- _Your task_
Your reply should be the entries, output word for word, with each picture omitted.
Content starts
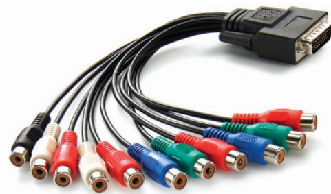
Breakout Cable (Analog video and audio connections)
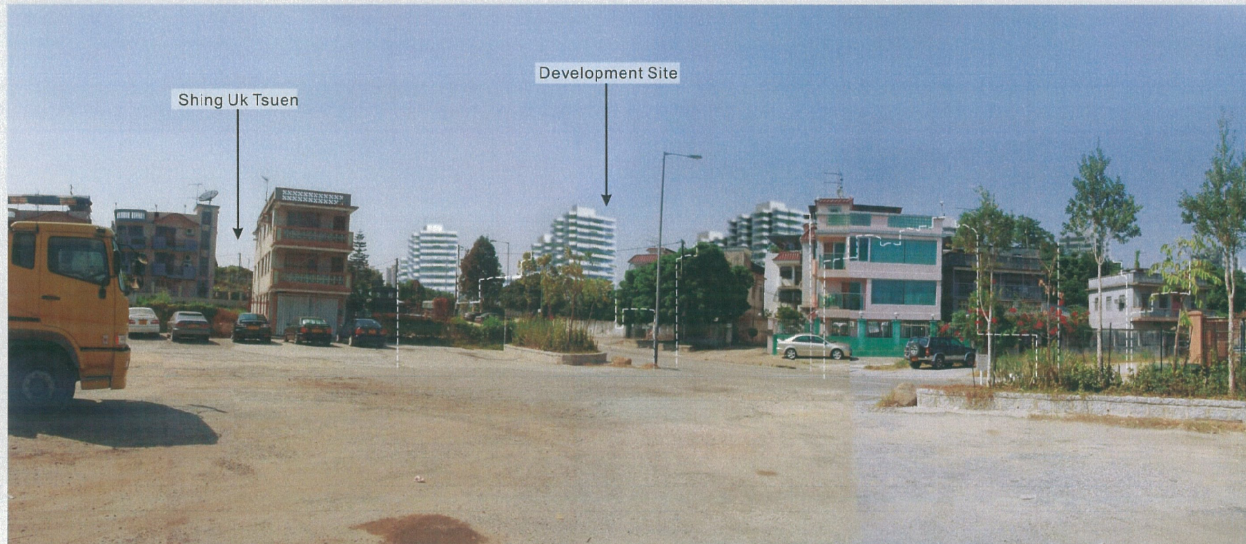
Year 10 of Operational Phase with landscape mitigation measures fully established
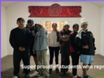
Super proud of students who represented our kura playing basketball, tag and power pulling, at the koroneihana games 2023. They did absolutely amazing!
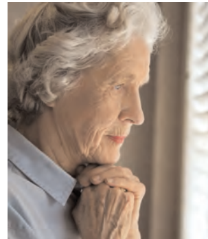
Grants from Donor-advised Funds helped the Alzheimer Society of Ireland, both nationally and locally.

The Drumkill Day Centre in Threemilehouse, Co. Monaghan received a small grant of €1,500 from the Co. Monaghan Fund in 2007. With this grant, the centre, in conjunction with the Alzheimer Society of Ireland's local branch, was able to increase the level of respite services from two to three days per week. The centre now provides services to older people with dementia each Tuesday, Wednesday and Friday.
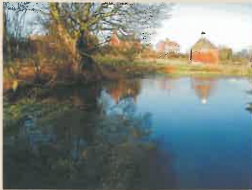
'Good water' springs and dovecote

Derived from the Norman word for 'good water', Belleau is a much smaller settlement now than it once was. The grassed over remains of the medieval village are to the far side of the 13th century church of St John the Baptist. The springs nearby - the 'good water' - are the beginnings of the Great Eau which flows from the Wolds, over the Middle Marsh all the way to the sea at Saltfleet Haven. There is an attractive dovecote in the village that dates back to Tudor times. This dovecote and a small barn nearby are all that remain of a much larger estate which included a medieval moated manor house.
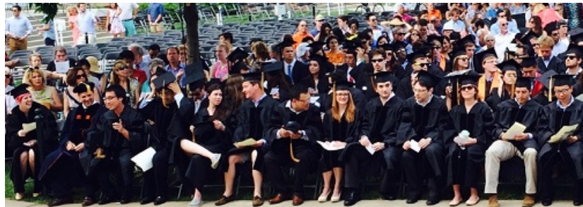
Our Ph.D. recipients await the start of the ceremony.
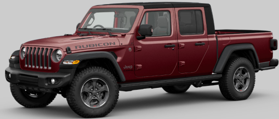
PRV - Snazzberry (Option)
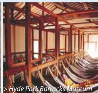
> Hyde Park Barracks Museum
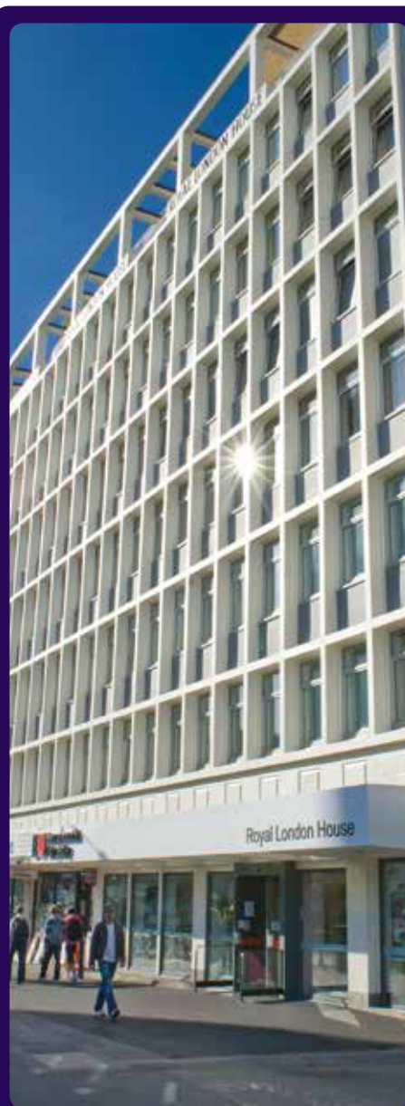
askBU Enquiry Service
Content ends
- _Exercise output_
Breakout Cable (Analog video and audio connections)
Year 10 of Operational Phase with landscape mitigation measures fully established
Super proud of students who represented our kura playing basketball, tag and power pulling, at the koroneihana games 2023. They did absolutely amazing!
Grants from Donor-advised Funds helped the Alzheimer Society of Ireland, both nationally and locally.

The Drumkill Day Centre in Threemilehouse, Co. Monaghan received a small grant of €1,500 from the Co. Monaghan Fund in 2007. With this grant, the centre, in conjunction with the Alzheimer Society of Ireland's local branch, was able to increase the level of respite services from two to three days per week. The centre now provides services to older people with dementia each Tuesday, Wednesday and Friday.
'Good water' springs and dovecote

Derived from the Norman word for 'good water', Belleau is a much smaller settlement now than it once was. The grassed over remains of the medieval village are to the far side of the 13th century church of St John the Baptist. The springs nearby - the 'good water' - are the beginnings of the Great Eau which flows from the Wolds, over the Middle Marsh all the way to the sea at Saltfleet Haven. There is an attractive dovecote in the village that dates back to Tudor times. This dovecote and a small barn nearby are all that remain of a much larger estate which included a medieval moated manor house.
Our Ph.D. recipients await the start of the ceremony.
PRV - Snazzberry (Option)
> Hyde Park Barracks Museum
askBU Enquiry Service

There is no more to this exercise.